■ What needs to be done: What is needed is an exact repeat of the lines from the one holding "以上就是【灵魂摆渡黄泉孟婆三" through the final line of the data, with no pictures.

■ Data segment:

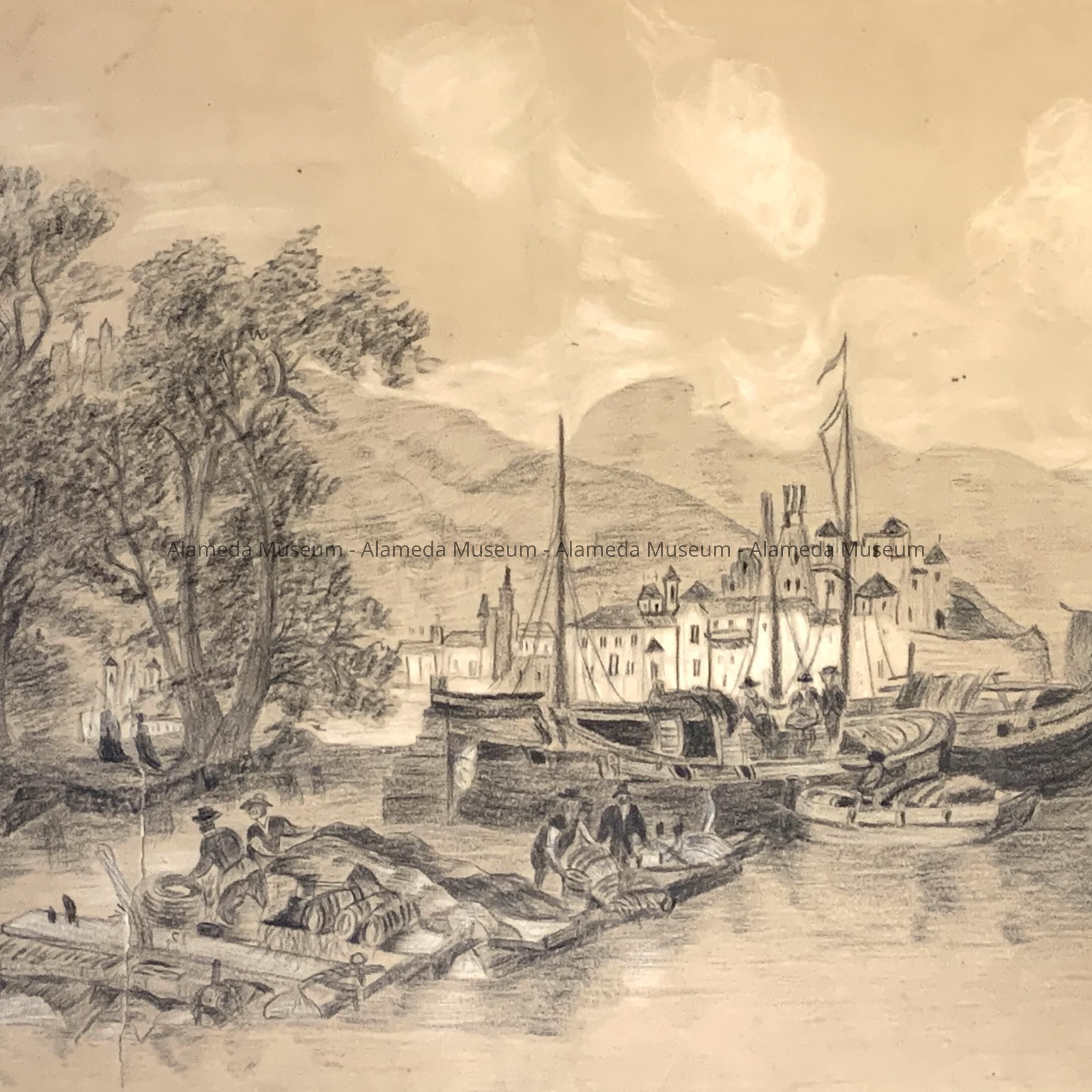 Description: A pencil sketch on paper depicting a river scene of boats and rafts with buildings in the background, signed, "Alice M.C."
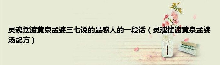 以上就是【灵魂摆渡黄泉孟婆三七说的最感人的一段话,灵魂摆渡黄泉孟婆汤配方】相关内容。
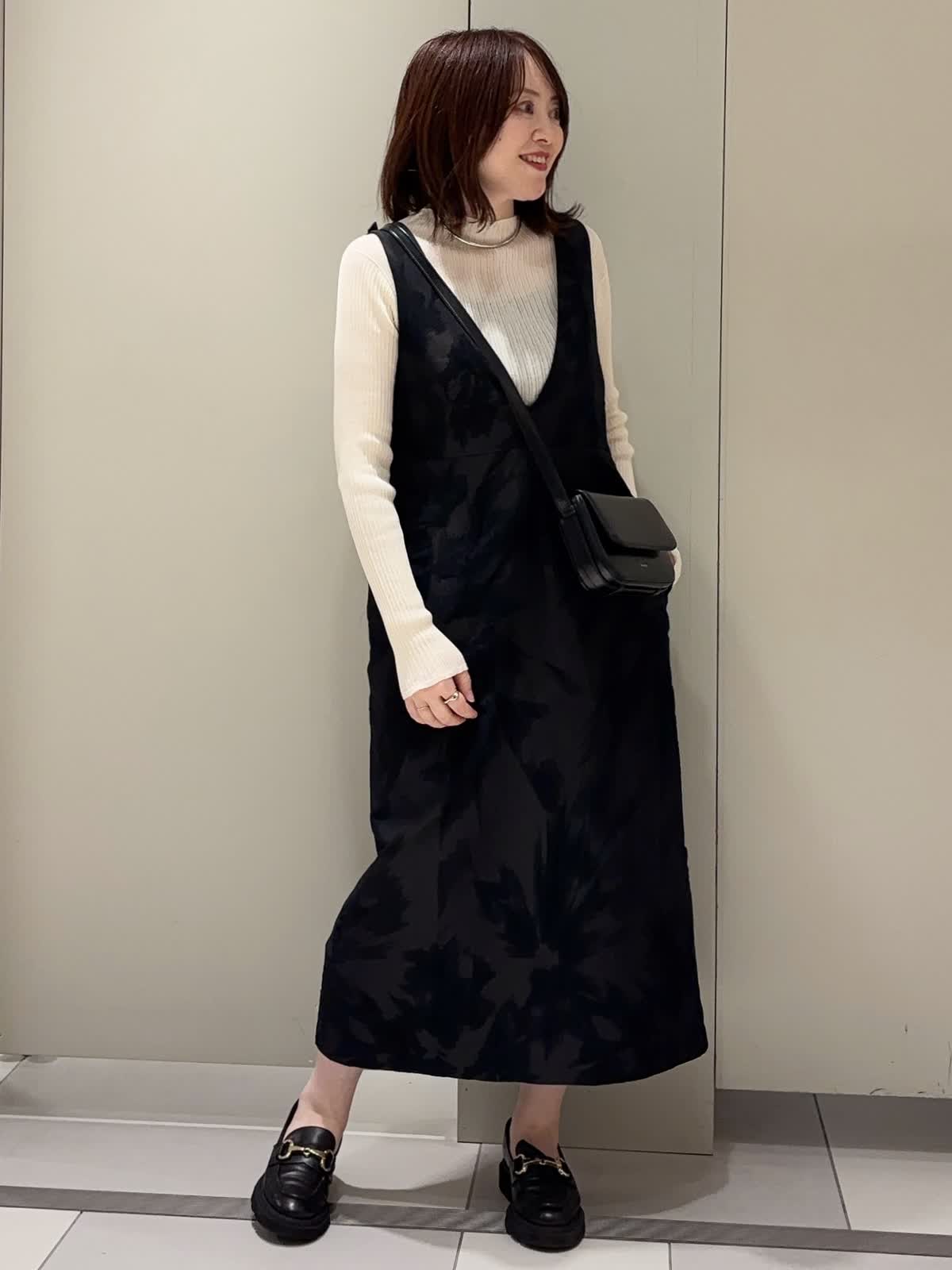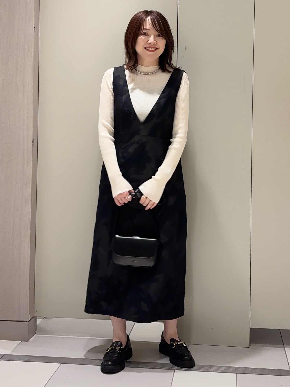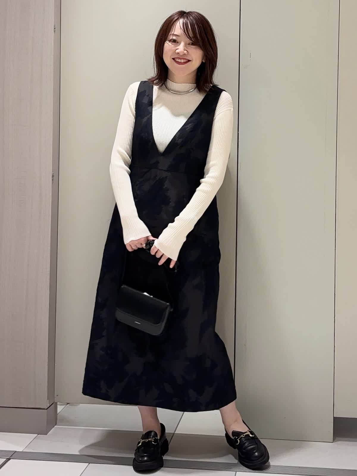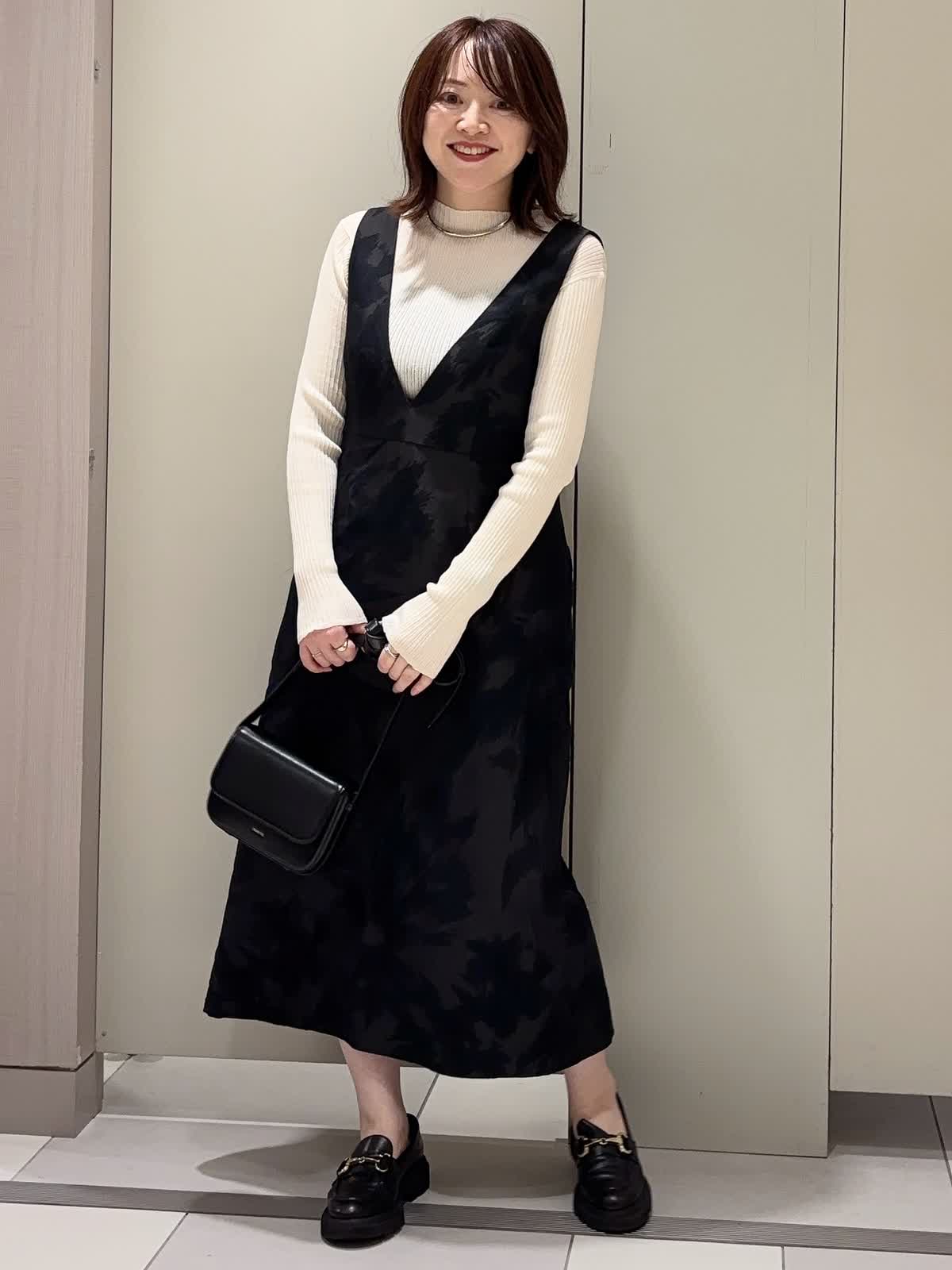 【着用カラー】 ニット:アイボリー ワンピース:ブラック 【着用サイズ】 全て9号 ジャガード素材のジャンスカに、シアーハイネックニットをレイヤードしたクラシカルなスタイリング。 深めのVネックデザインが顔まわりをすっきり見せつつ、胸下の高め位置に入った切り替えがスタイルアップ効果を演出。 ストンと落ちるストレートシルエットは身体のラインを拾わず、上品な抜け感を与えてくれます。 異素材を組み合わせた大人のきれいめレイヤードコーデです。

■ Exercise response:
 以上就是【灵魂摆渡黄泉孟婆三七说的最感人的一段话,灵魂摆渡黄泉孟婆汤配方】相关内容。
 【着用カラー】 ニット:アイボリー ワンピース:ブラック 【着用サイズ】 全て9号 ジャガード素材のジャンスカに、シアーハイネックニットをレイヤードしたクラシカルなスタイリング。 深めのVネックデザインが顔まわりをすっきり見せつつ、胸下の高め位置に入った切り替えがスタイルアップ効果を演出。 ストンと落ちるストレートシルエットは身体のラインを拾わず、上品な抜け感を与えてくれます。 異素材を組み合わせた大人のきれいめレイヤードコーデです。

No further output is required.